= Friendly society brasses =

Friendly society brasses were the emblems of village friendly societies or clubs common in the west of England between the late 18th and early 20th centuries. The use of brasses as emblems was particularly prevalent in Somerset and the surrounding counties.

==Use==
On the society's annual feast day or walking day, usually in spring, the members would hold a parade around the village, with the officers or sometimes all the members carrying poles or staves between four and eight feet (1.2 to 2.4 meters) in length and usually painted. Some poles (also known as rods, wands or 'club sticks') were headed by garlands of flowers, while in the West Country, the poles were commonly headed by a brass finial with a distinctive shape and decorated with ribbons.

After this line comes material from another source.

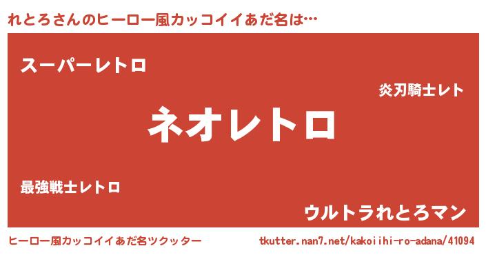 | 伝説のあだ名 | 『聞きしに勝る勇者れとろ』 |

It is thought that the use of brass was due to the proximity of the brass industries in Bristol and Bridgwater, and the two separate manufacturing centres may account for there being two principal forms of brass pole-head. Those used north and east of a line drawn between Bridgwater and Yeovil were generally flat and cut from sheet brass, while those south and west of the line were more three-dimensional. The flat Brasses most commonly took the form of an elaborate spear-head or a fleur-de-lis, while the three-dimensional forms were cast and based on a ball or column shape.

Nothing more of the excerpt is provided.